In 2003, Dutch TV journalist Teun van de Keuken learned an uncomfortable truth. He read an article that explained that the modern cocoa industry relied on the labor of enslaved people. Horrified, Teun did some more research and discovered that not only are adults enslaved in the two largest cocoa-producing nations, Ghana and Côte d'Ivoire, but children are as well. Teun tried to publicize the appalling conditions for workers in the cocoa industry but failed to enlist many allies in his mission. In 2005, Teun produced his first chocolate bar, called Tony's (an Americanized version of his first name) Chocolonely. The bar was made with ethically sourced, traceable chocolate in an attempt to fight back at the exploitative industry.

What does Tony's Chocolonely have to do with Vermont ice cream producers Ben & Jerry's? Ben & Jerry's has a long philanthropic history, from the establishment of the Ben & Jerry's Foundation in 1985 to affiliations with Farm Aid and the Children's Defense Fund. A joint venture between like-minded Tony's Chocolonely and Ben & Jerry's makes perfect sense.

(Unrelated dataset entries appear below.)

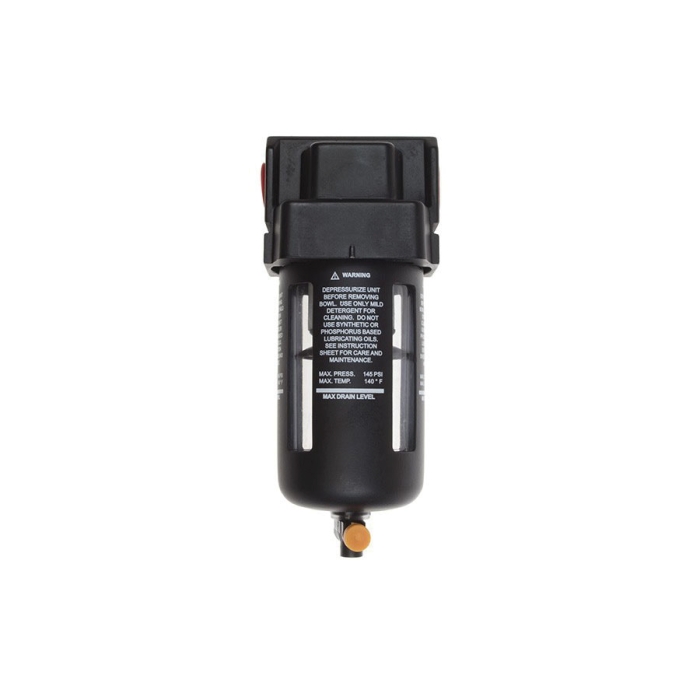 Coilhose® Compact Filter/Regulator, Series: 29, Inlet Pipe Size: 3/8 in, 53 cfm, Pressure Regulating Range: 5 - 120 psi, 145 psi, 32 - 140 deg F, Remove Down Particle Size: 40 um, Material Construction: Polycarbonate, Polycarbonate Bowl, Dimensions: 2.08 in W x 2.08 in D x 5.07 in H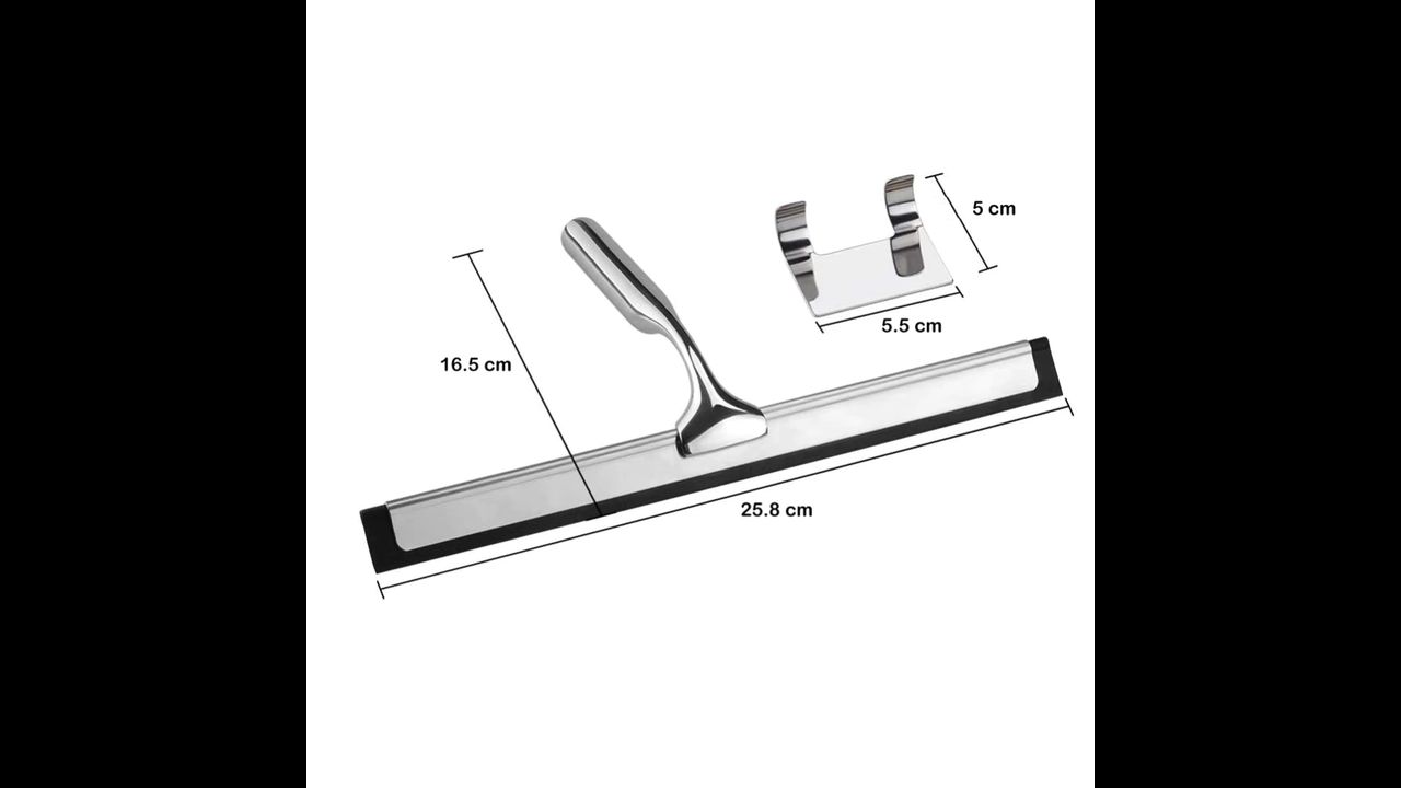 Rączka i gumowy element mocujący wykonane są z metalu odpornego na zarysowania i korozję. Wystarczy kilka ruchów, by kafelki łazienkowe, kabina, czy też lustro pozostało suche i czyste, bez plam i zacieków.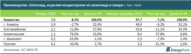 первым месяцем прошлого года на 2,7%. Рост же выпуска шоколада и изделий из
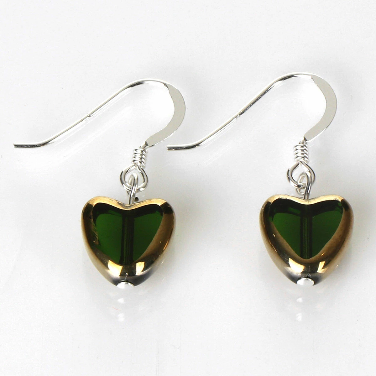 Add a pop of colour and a heartfelt touch to any outfit with these beautiful earrings from Carrie Elspeth! Each earring features a translucent green heart shaped bead with an electroplated gold edge, hanging from a sterling silver hook. This lovely pair of earrings the perfect way to compliment your day and evening wear. Combine with the matching bracelet and necklace to complete the look. They make a gorgeous gift for that special someone.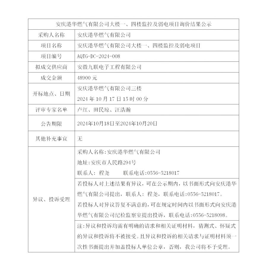 安慶港華燃?xì)庥邢薰敬髽且?、四樓監(jiān)控及弱電項(xiàng)目詢價(jià)結(jié)果公示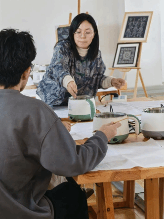 王老师向在场师生介绍了蜡染的基础知识,并用蜡刀蘸熔蜡绘花于布后以蓝靛浸染,既染去蜡,布面呈现出蓝底白花的图案,同时,作为防染剂的蜡自然龟裂,使布面呈现特殊的“冰纹”,色调素雅,风格独特,尤具魅力。师生在王老师的指导下在蜡染的技法中放松身心、感受中华民族传统文化的韵味。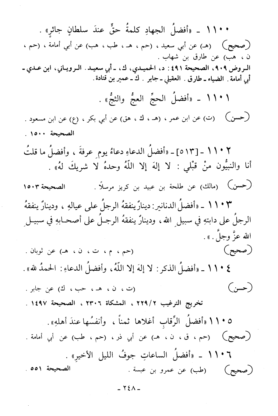 1104 - «أفضل الذكر: لا إله إلا الله وأفضل الدعاء: الحمد لله» .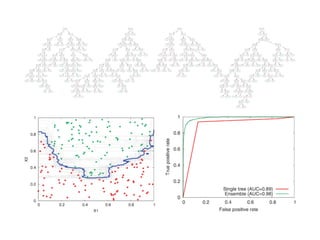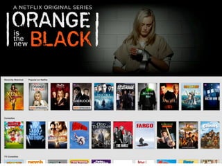 The document discusses machine learning applications at Netflix, focusing on the recommendation system that personalizes content for users based on their preferences. It highlights the scale of Netflix's data, which includes over 44 million members and logging of 100 billion events daily, and details various machine learning techniques used for accurate predictions and improved recommendations. Additionally, the document outlines the architecture of the machine learning platform that supports this massive scale of data processing and model training.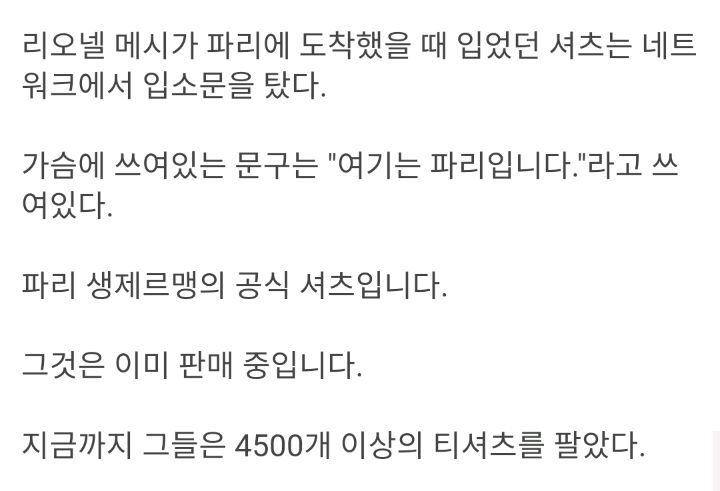 [메시 파리 입국 이후 4500장 이상 넘게 팔린 티셔츠ㄷㄷㄷㄷ]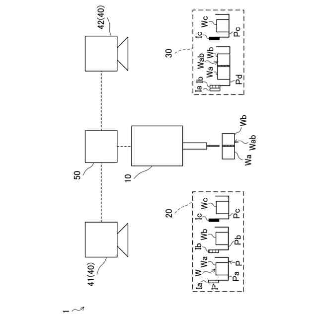 前記カメラは、前記前工程側スポットに配置された前記ワークに関連した前記識別子を撮像するとともに、前記後工程側スポットに配置された前記ワークに関連した前記識別子を撮像し、
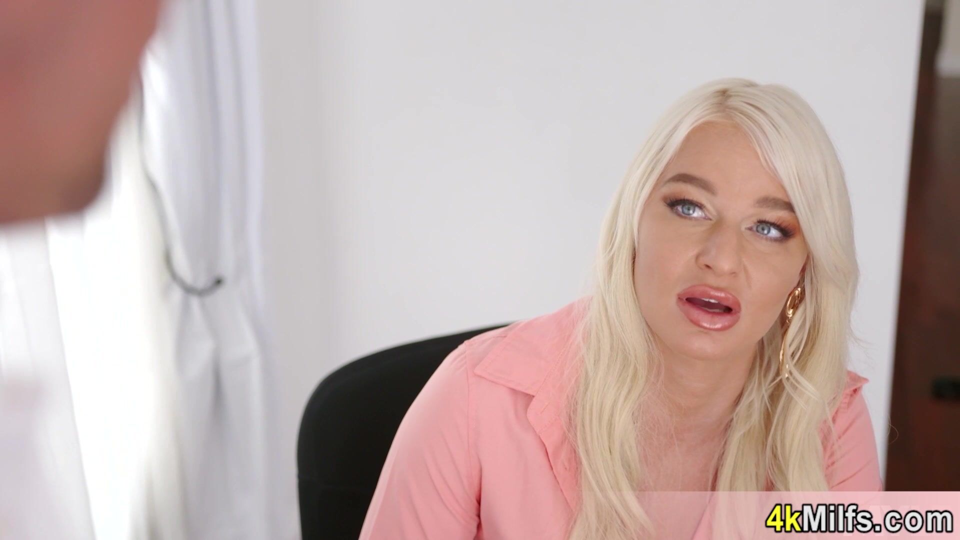 Blonde mature boss London River with big natural tits ordering her shy intern to satisfy her powerful pussy She is sucking his big cock then orders him to fuck her hungry cunt hard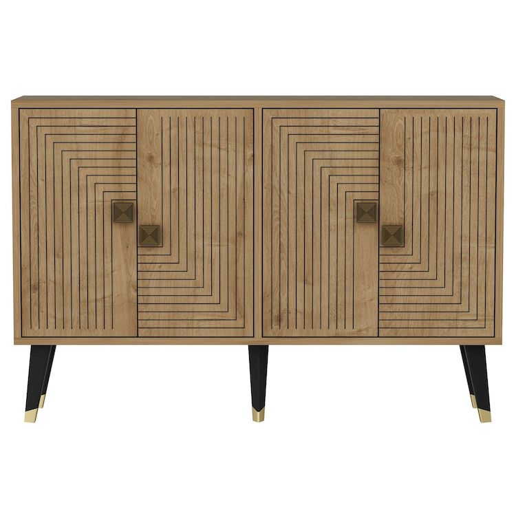 Buffet en bois Ahart - 120 x 30 x 80 cm - Chêne SaphirOr – 4 portes Conçu pour offrir praticité et robustesse, ce modèle s'intègre facilement dans tout intérieur et répond aux besoins du quotidien en garantissant confort d'usage..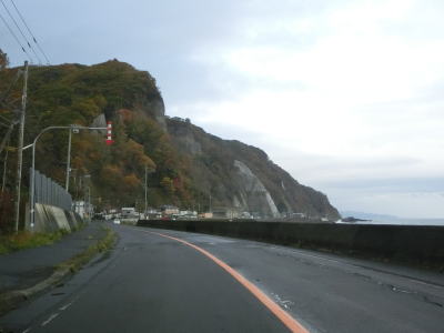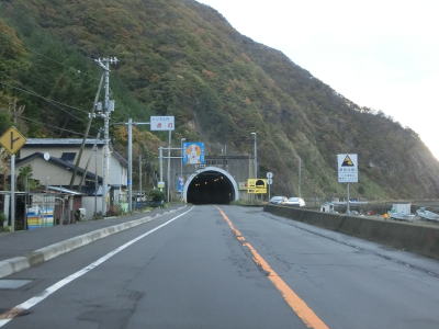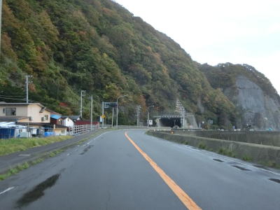 | 立岩覆道を出てからは家屋が疎らな集落を通り抜けて白井川覆道をくぐる。その後しばらくは集落が途切れるが、道路状況に変化はなく海に沿った平坦な2車線道路が続いている。 | ||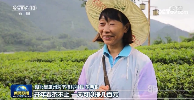 這幾天,湖北恩施的洞下槽村又迎來了不少游客。游客在茶園里親手采茶,是村里的打卡項目。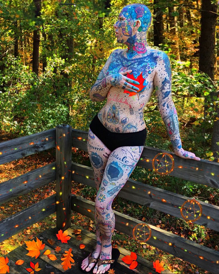 A witch’s natural habitat 🌲🍁✨ #witch #pagan #inktober2020 #inked #inkedgirls #inkedmodels #tattoogirl #tattooed #tattooedgirls #tattooedmodels #bodymod #nature #models #baldgirl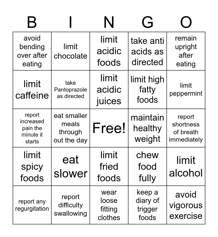 This bingo card has 1 images, a free space and 24 words: eat slower, report difficulty swallowing, limit acidic juices, report any regurgitation, remain upright after eating, avoid bending over after eating, limit caffeine, limit chocolate, maintain healthy weight, limit fried foods, limit high fatty foods, report increased pain the minute it starts, chew food fully, limit alcohol, take Pantoprazole as directed, keep a diary of trigger foods, report shortness of breath immediately, limit acidic foods, limit peppermint, eat smaller meals through out the day, avoid vigorous exercise, limit spicy foods, take anti acids as directed and wear loose fitting clothes.

Take a bite of Chocolatey Love A-Fair

Coming soon, a two-part foray into ending the practice of slavery in the cocoa industry. Ben & Jerry's is launching a new ice cream flavor called Chocolatey Love A-Fair, which they describe as "chocolate ice cream packed with salted caramel swirls, chunks of salted caramel, and Open Chain fudge chunks," produced with Tony's Chocolonely. In addition, two new Tony's chocolate bars will be released, one made with dark milk chocolate and crunchy brownie pieces and the other a white cheesecake-style chocolate bar with strawberries and crumbly cookies.

press release states that all the chocolate ingredients will be sourced using Tony's Open Chain, which is a supply chain initiative that helps other manufacturers source cocoa beans from ethical producers. Chocolatey Love A-Fair intends to raise awareness about the problem of enslaved people in the cocoa industry, and Ben & Jerry's plans to convert all its chocolate sourcing to the Open Chain model. The new releases of ice cream and chocolate bars are limited, which means if you don't get them upon release, you may have to visit them in the Flavor Graveyard.